#### SUPPLIED RECORDS:

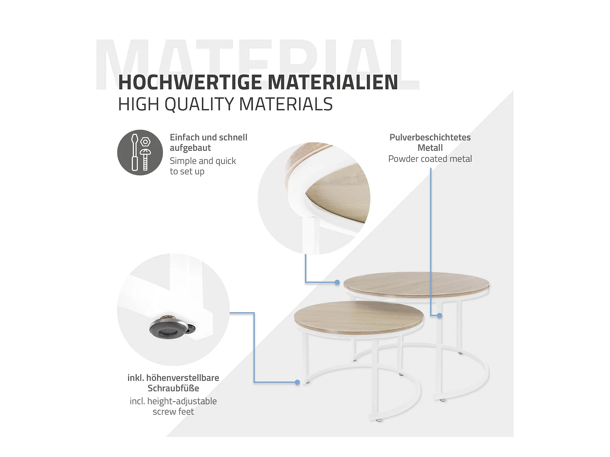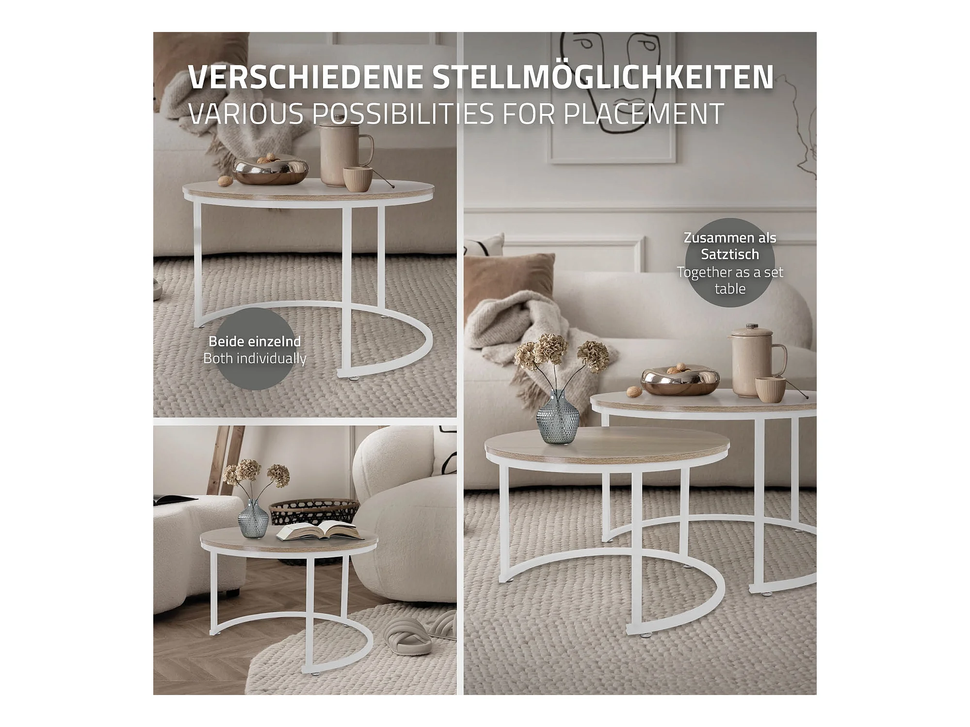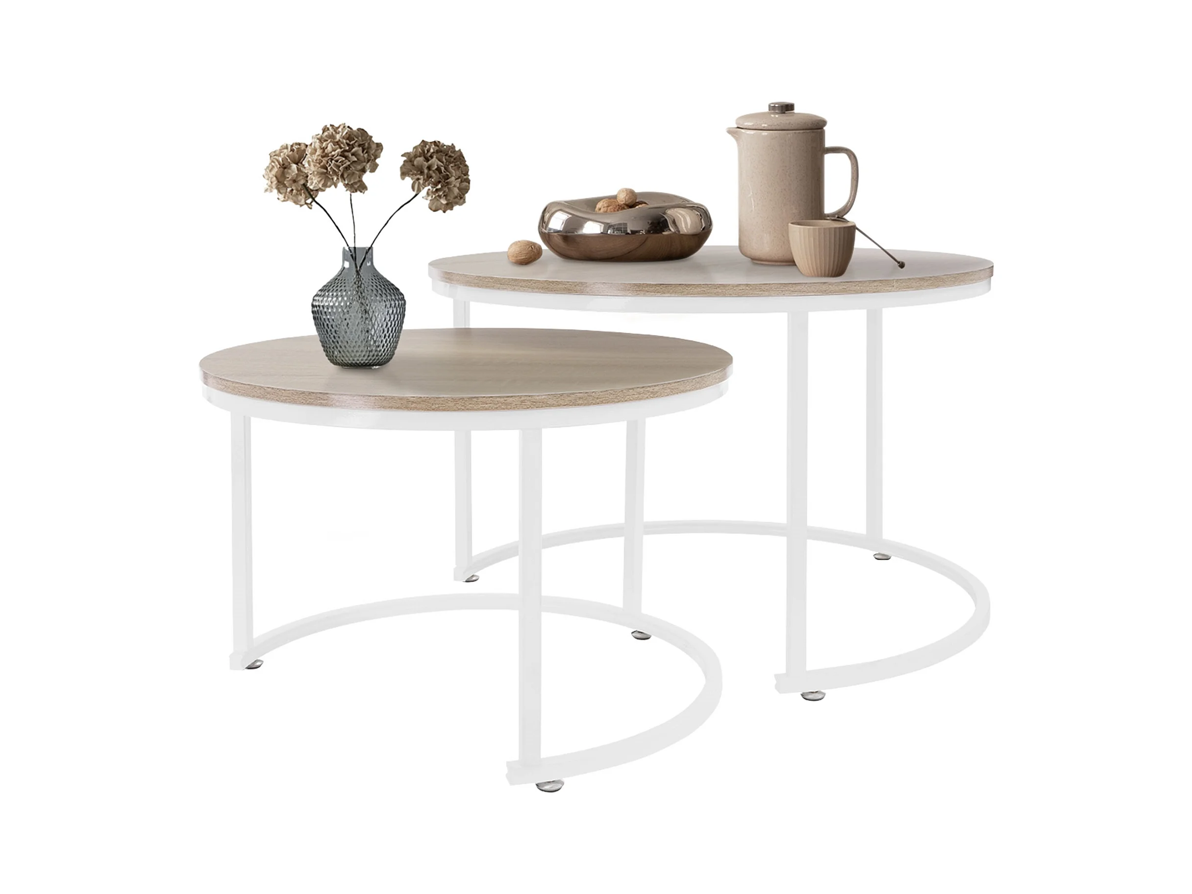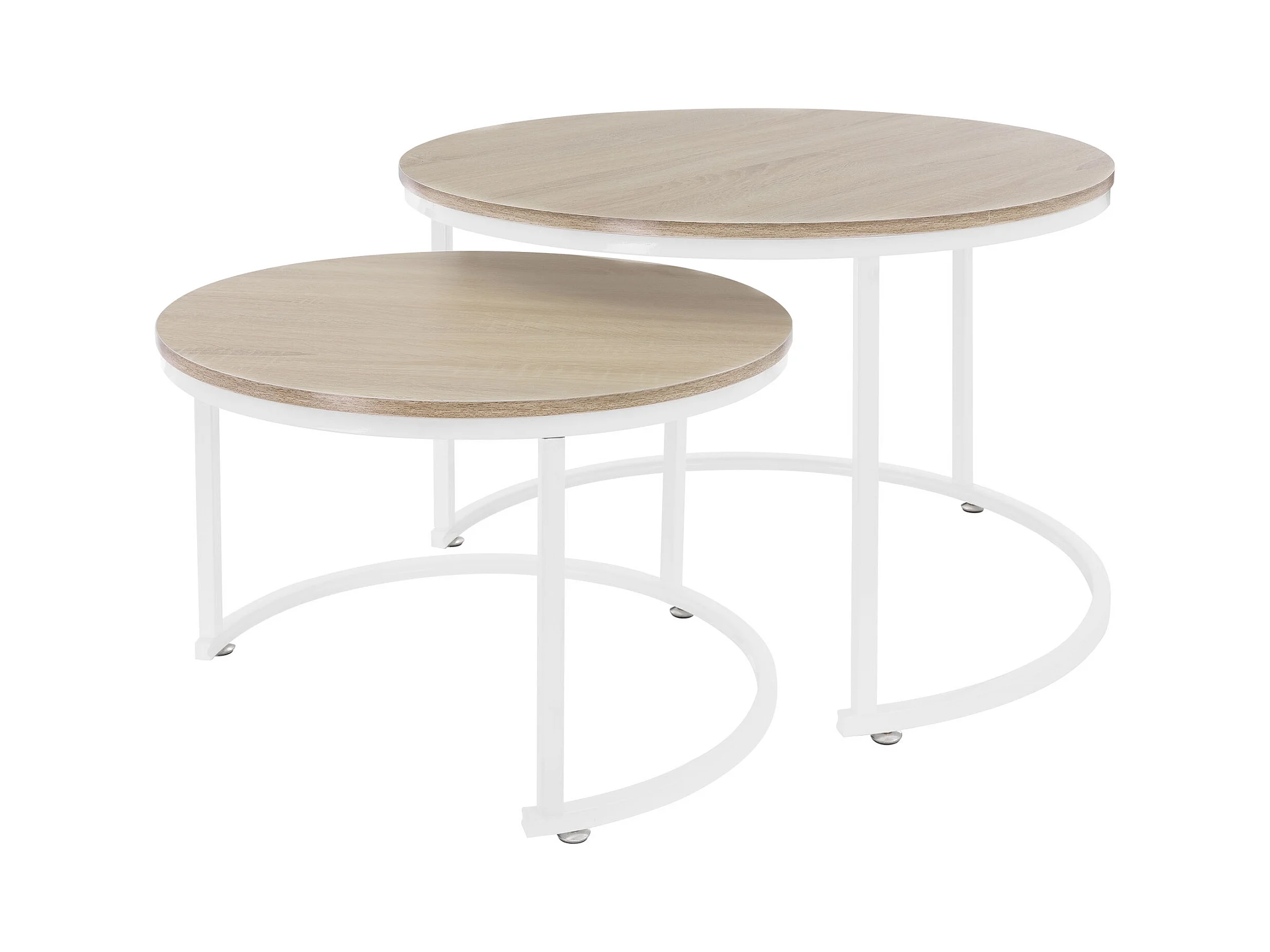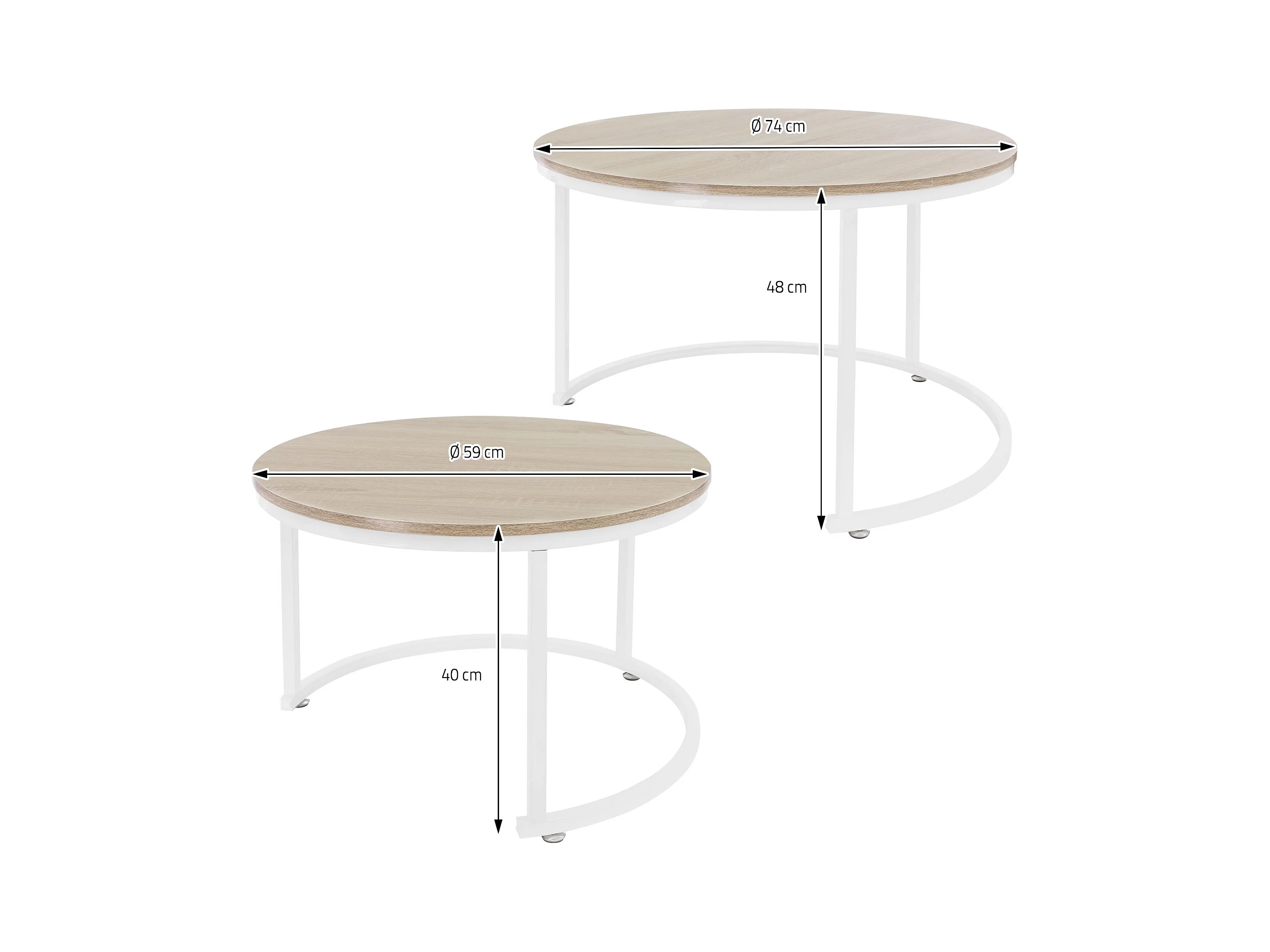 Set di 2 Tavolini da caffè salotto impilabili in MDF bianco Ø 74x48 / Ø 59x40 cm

---

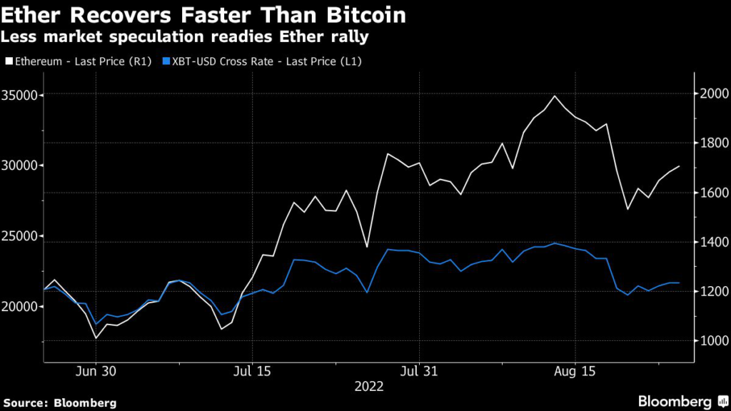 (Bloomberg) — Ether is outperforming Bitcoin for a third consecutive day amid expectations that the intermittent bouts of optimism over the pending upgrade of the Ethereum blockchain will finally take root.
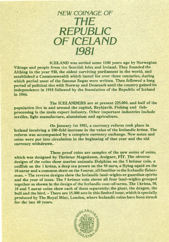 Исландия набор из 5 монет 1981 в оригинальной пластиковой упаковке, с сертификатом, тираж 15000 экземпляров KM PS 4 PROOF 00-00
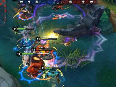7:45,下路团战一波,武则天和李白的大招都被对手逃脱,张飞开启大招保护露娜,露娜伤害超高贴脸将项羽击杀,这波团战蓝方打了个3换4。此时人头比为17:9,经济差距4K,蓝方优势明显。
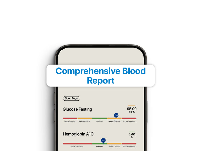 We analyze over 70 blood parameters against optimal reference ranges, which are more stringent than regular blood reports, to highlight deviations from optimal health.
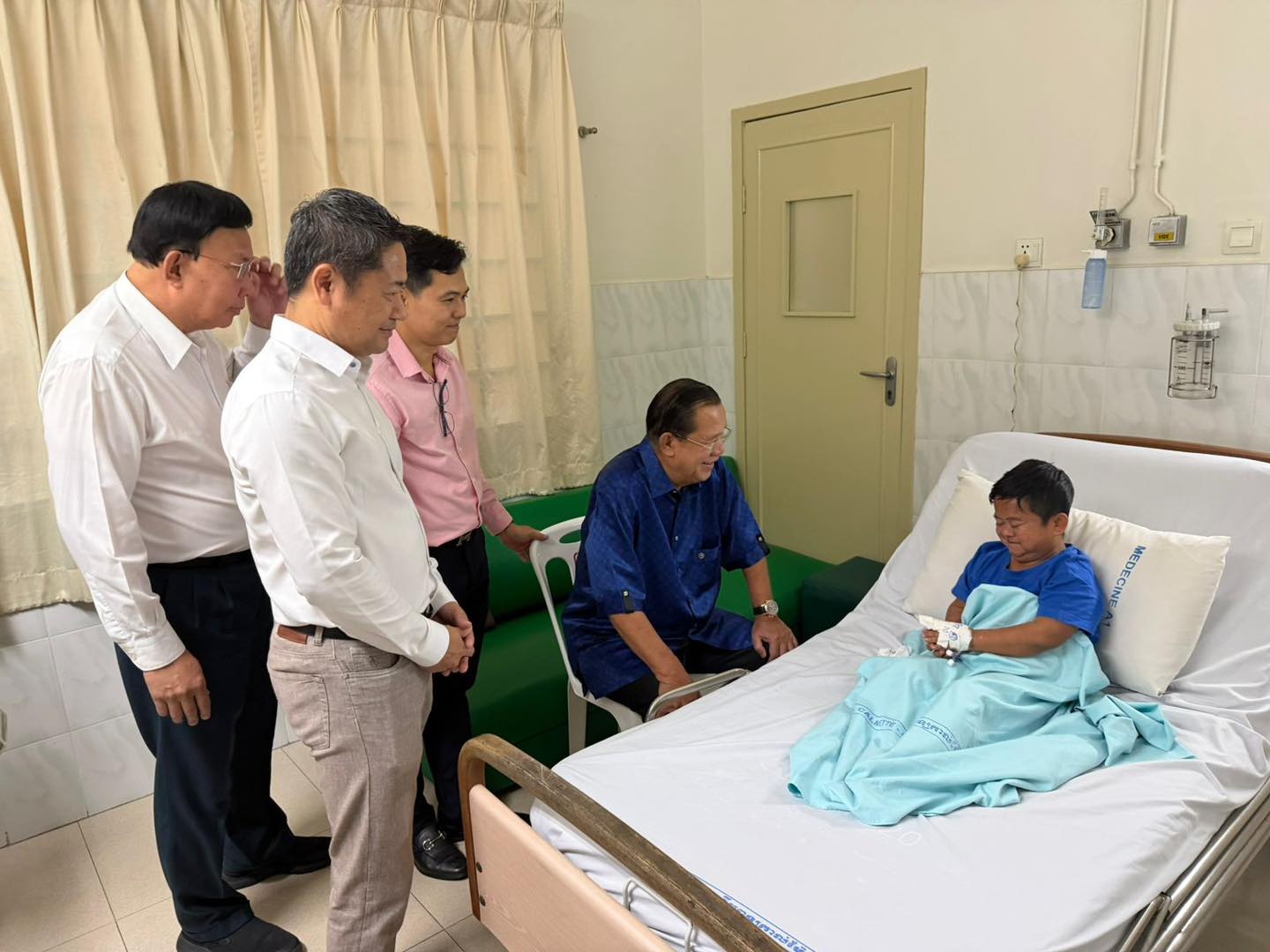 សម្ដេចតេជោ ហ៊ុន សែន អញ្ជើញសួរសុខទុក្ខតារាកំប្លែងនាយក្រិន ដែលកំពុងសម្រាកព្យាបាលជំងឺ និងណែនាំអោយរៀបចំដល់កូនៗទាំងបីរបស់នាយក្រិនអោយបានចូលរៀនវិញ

#### ASSIGNMENT:
Nothing but the lines above, starting at the line that contains "We analyze over" and ending at the line that contains "សម្ដេចតេជោ ហ៊ុន សែន", should be given again, exactly and without the pictures.

#### SOLUTION TO THE PROBLEM:
 We analyze over 70 blood parameters against optimal reference ranges, which are more stringent than regular blood reports, to highlight deviations from optimal health.
 សម្ដេចតេជោ ហ៊ុន សែន អញ្ជើញសួរសុខទុក្ខតារាកំប្លែងនាយក្រិន ដែលកំពុងសម្រាកព្យាបាលជំងឺ និងណែនាំអោយរៀបចំដល់កូនៗទាំងបីរបស់នាយក្រិនអោយបានចូលរៀនវិញ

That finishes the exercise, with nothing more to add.